The FractInt system is numerically solved with the procedure described above, at the beginning of Section 3.3. In each iteration of the procedure, the predict-evaluate-correct-evaluate method is applied successively to each one of the two initial value problems—associated to the state system and to the adjoint system of the FOCP (8)–(13)—to perform the integration of them in two steps. These steps correspond to the two branches of the derivative order function, defined by (20). In such process, the final solution of first step (first branch) is the initial solution of the second step.

Solutions of the FractInt system are reproduced in Figure 9 and Figure 10 along with solutions of the classical and fractional models ($\alpha =1$ and $\alpha =0.68$, respectively). We can see that the solutions of the FracInt system start to follow the solutions of the fractional model and end by following the solutions of the classical model. This behaviour can be observed in Figure 11, where the efficacy function for these three models is displayed.

The cost-effectiveness measures for the FractInt system are summarised in

Table 7. Cost-effectiveness measures for the FractInt system.
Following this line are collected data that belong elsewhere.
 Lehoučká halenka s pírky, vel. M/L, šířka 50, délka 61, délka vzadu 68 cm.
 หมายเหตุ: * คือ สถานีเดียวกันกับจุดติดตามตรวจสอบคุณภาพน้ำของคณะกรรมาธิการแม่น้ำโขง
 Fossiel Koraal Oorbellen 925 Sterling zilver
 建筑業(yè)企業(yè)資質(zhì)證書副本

Parameters according to Table 1 and Table 3 with $C_1=C_2=1$.

$\mathit{AV}$	$\mathit{TC}$	$\mathit{ACER}$	$\overline{\mathit{F}}$
0.332078	1.10967	3.3416	0.758679

.

Our results show that it is effective to control cholera infection through optimal control and that the FracInt model is more efficient than the classical one (cf. Table 4 and Figure 11), being the most effective model.

4. Conclusions

Nowadays, Cholera infection is still an healthcare problem in many parts of the world, namely in impoverished regions where it has devastating effects. Its control is the goal of many studies in last years. In this work, a fractional-order mathematical model for Cholera with two connected communities, proposed in [10], is studied and generalised. The two communities in appreciation are distinct and therefore they could not be molten in one unique community.

A sensitivity analysis of the model is done to show the importance of estimation of parameters. A fractional optimal control (FOC) problem is then formulated and numerically solved.
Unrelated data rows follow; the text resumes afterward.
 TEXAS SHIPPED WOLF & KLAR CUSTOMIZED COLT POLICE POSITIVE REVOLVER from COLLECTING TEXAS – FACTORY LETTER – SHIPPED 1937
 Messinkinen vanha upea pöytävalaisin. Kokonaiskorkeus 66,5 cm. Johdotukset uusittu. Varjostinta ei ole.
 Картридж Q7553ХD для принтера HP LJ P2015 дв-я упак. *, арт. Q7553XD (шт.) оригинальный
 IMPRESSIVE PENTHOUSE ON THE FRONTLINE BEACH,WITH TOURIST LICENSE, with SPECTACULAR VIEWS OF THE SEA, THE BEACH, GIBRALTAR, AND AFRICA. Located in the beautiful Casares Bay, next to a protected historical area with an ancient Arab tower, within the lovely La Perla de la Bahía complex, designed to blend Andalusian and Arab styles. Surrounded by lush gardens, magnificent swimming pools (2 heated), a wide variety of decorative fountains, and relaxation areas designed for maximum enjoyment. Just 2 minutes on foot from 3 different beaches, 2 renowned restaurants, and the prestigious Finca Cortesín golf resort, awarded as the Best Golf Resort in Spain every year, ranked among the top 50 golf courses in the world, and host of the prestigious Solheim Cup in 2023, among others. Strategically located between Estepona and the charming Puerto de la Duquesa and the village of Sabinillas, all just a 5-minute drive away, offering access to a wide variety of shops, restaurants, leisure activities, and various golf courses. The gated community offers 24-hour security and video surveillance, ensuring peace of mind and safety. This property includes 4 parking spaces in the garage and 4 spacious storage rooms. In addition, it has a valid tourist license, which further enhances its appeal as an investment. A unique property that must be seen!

The relevance of studied controls is assessed using a cost-effectiveness analysis. Such analysis allow us to neglect the control u (domestic water treatment) since it proved to be useless when used in combination with remaining controls.
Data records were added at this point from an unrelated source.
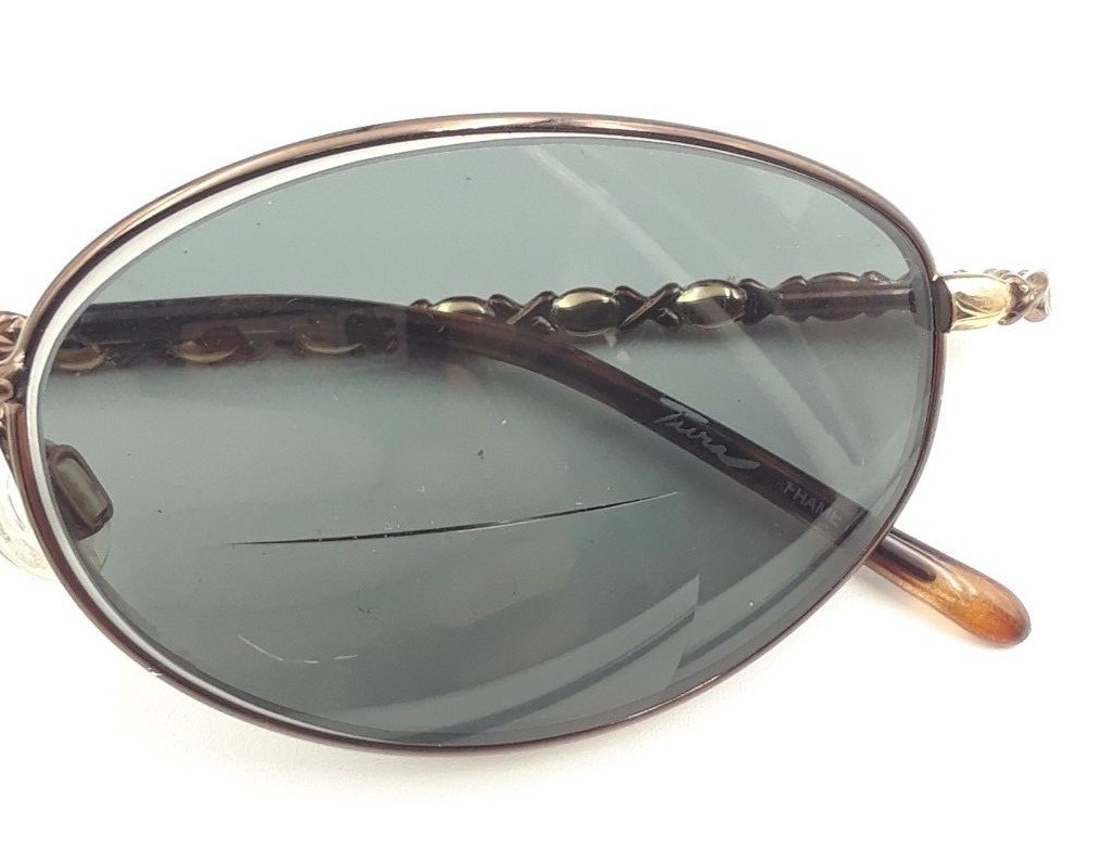 Vintage Tura 611 BRN Tortoise Gold Bronze Metal Oval Sunglasses FRAMES ONLY
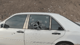 对于步枪射击的威力,民用轿车更是根本挡不住,车门轻易被射穿。
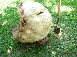 In past writing I've mentioned that I've been looking for a bread bowl. I own an antique kneading bowl that didn't clean up well and was too cracked to use so I have been on the prowl. Well, in the woods here in TN we have a variety of trees and my hubbie and I found a very big burl on a white oak tree on our property. We had the tree taken down (too big for us), got the burl off, and have set about making a bowl. It's an undertaking I tell you. We think the original whole burl and associated bark, etc. was over 120 pounds and about 3x2x2 feet big. My hubbie is doing all this work, he has experience with wood as he has been an amateur carpenter of sorts for the last 30 years. Here is the burl with most of the original excess wood removed, mostly by chainsaw.

The numerical results show that the FOC system is more effective only in part of the time interval. Therefore, we propose a system where the derivative order varies along the time interval, being fractional or integer when more advantageous in the control of infection. Such variable-order fractional model, baptised here as FractInt, shows to be the most effective in the control of the disease.